Robert, Certainly there is:…

Robert,

Certainly there is: to maintain the validity of our system of government.

A system of government is not more important than millions of innocent people’s lives and livelihoods. If maintaining the “validity” of the former requires destroying the latter, then the system of government deserves to be ignored, altered or abolished.

If democratically-elected legislatures pass laws, and those laws are not odious to the constitution under which they operate, then the laws should be enforced regardless of whether they are reasonable or just.

Why?

Enforcing an unjust law means using violence against innocent people in order to secure an aim that is unworthy of securing. Neither electoral majorities nor Constitutions have total authority over the people subject to them, and if they have legitimate authority it is only because of the justice of the policies they endorse. Laws or constitutions that endorse unjust violence against innocent people have stepped outside of the boundaries of their legitimate authority, and are no more legitimately binding than criminal compacts or pirates’ codes.

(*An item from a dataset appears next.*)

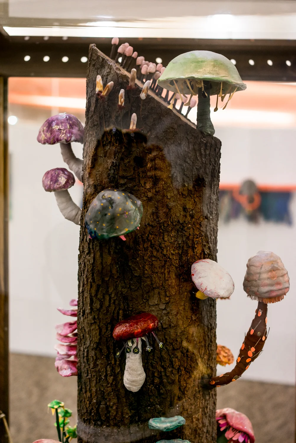 Sarah Hurwitz’s imaginative environment, a half-magical cave of mystery, half-Earth science diorama floats in the upper spaces of TheGallery@theLibrary.

To do otherwise is to imbue some unelected body with the power to override the decisions of the legislature on matters specifically entrusted to the legislature.

It’s not a matter of an “unelected body” having some kind of special authority to veto the acts of the legislature. It’s a matter of the legislature not having any special authority to commit injustice against the innocent. Everybody — not as a “body,” but as free individuals — has the right to ignore or defy so-called laws that the legislature has no legitimate authority to enact: an “unjust law” is no law at all, and the idea that anyone is obliged to carry out an admitted injustice against innocent people is an affront to conscience.

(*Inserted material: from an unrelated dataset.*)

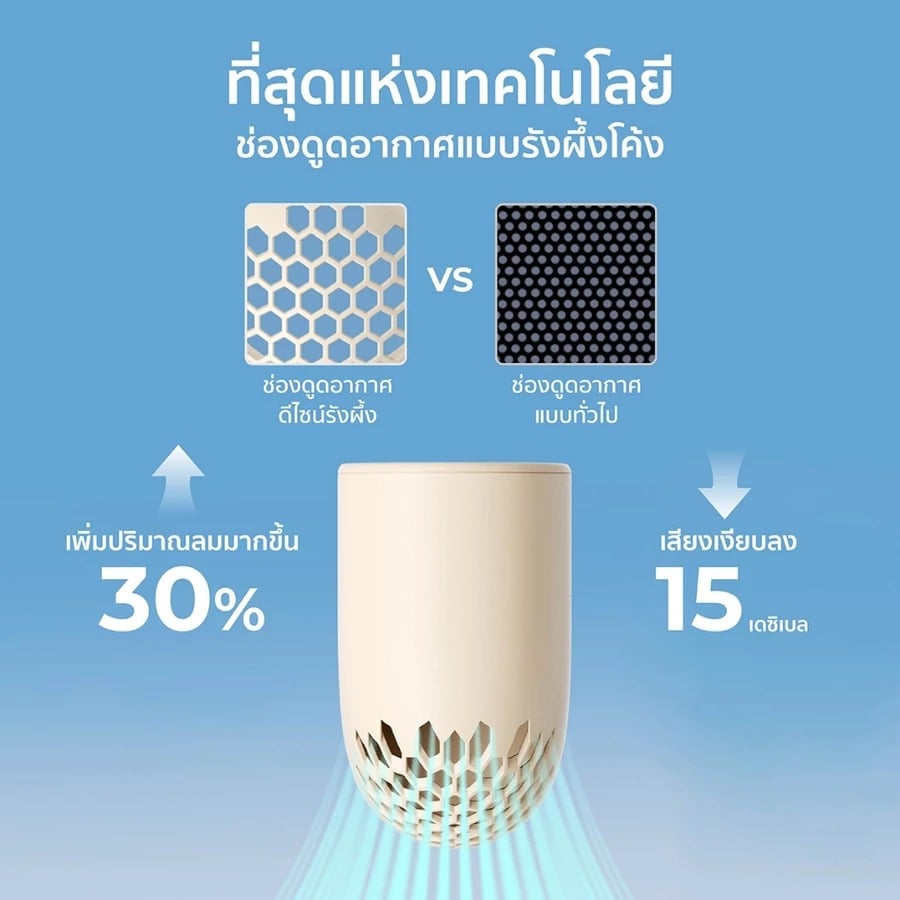 - ดีไซน์รังผึ้ง เพิ่มการไหลเวียนอากาศ ให้ลมแรงและสม่ำเสมอ

I consider myself smarter and more informed than you. What decisions do you make for yourself, that I should get to override and change in your life, on the basis that I think your decisions are unreasonable?

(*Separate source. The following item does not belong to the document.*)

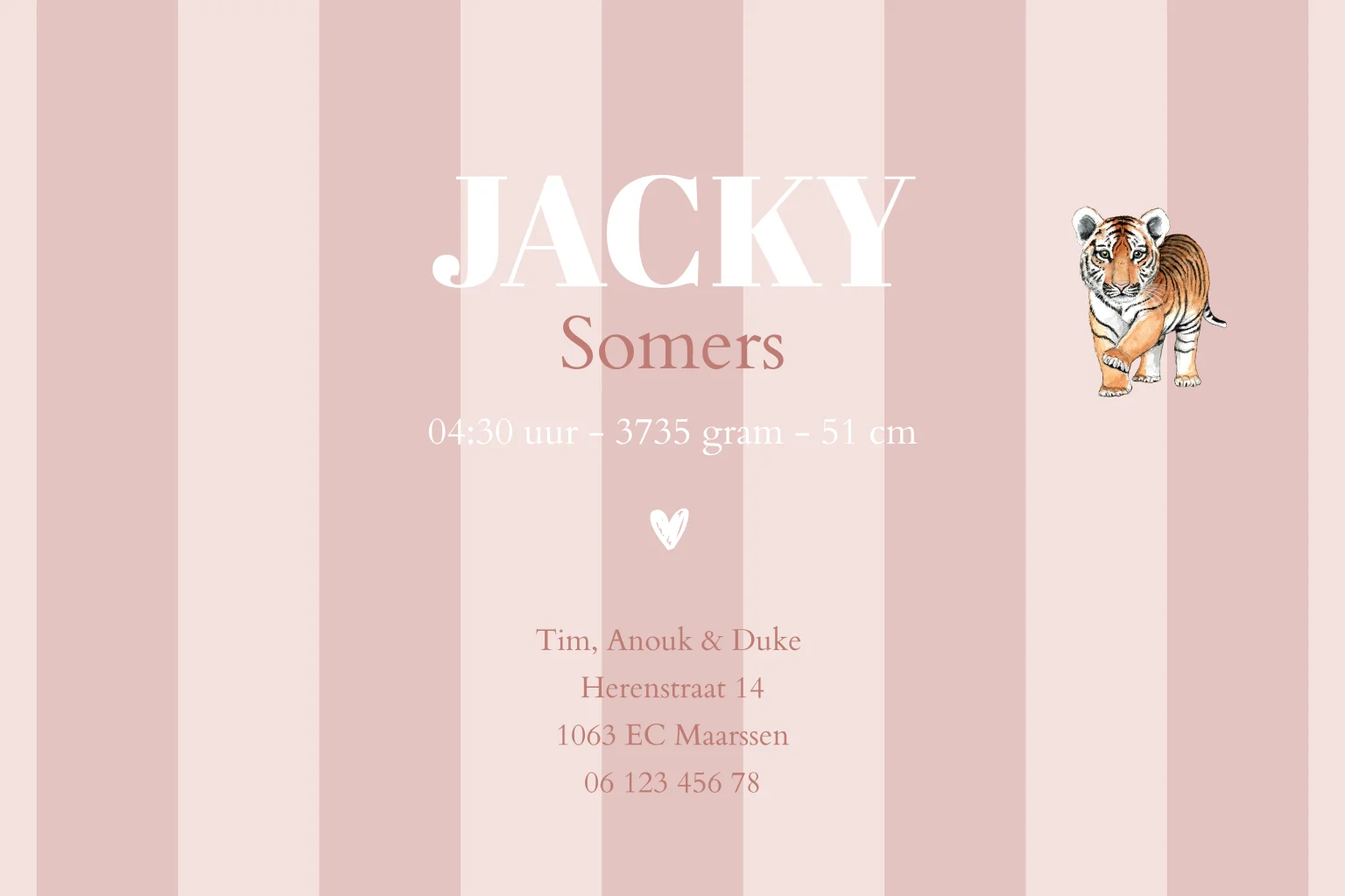 Geboortekaartje meisje strepen baby tijger

Is this some kind of joke?

You have things exactly backward. Drug prohibition is founded on the premise that one group of people, who consider themselves smarter and more informed (the government, and perhaps the electoral majority behind them) are entitled to override the decisions of another group of people (drug users), on the grounds that the drug users’ decisions are unreasonable. Not only do they claim to be entitled to override drug users’ decisions about their own lives; they claim to be entitled to force drug users to comply with their judgments.

Demanding that “the people,” or the government, stop imposing their will on nonviolent drug users, does not involve overriding the decisions that they have made for themselves. It involves overriding the decisions that they have forced on innocent third parties, but those are “decisions” that neither “the people” nor the government had any right to make.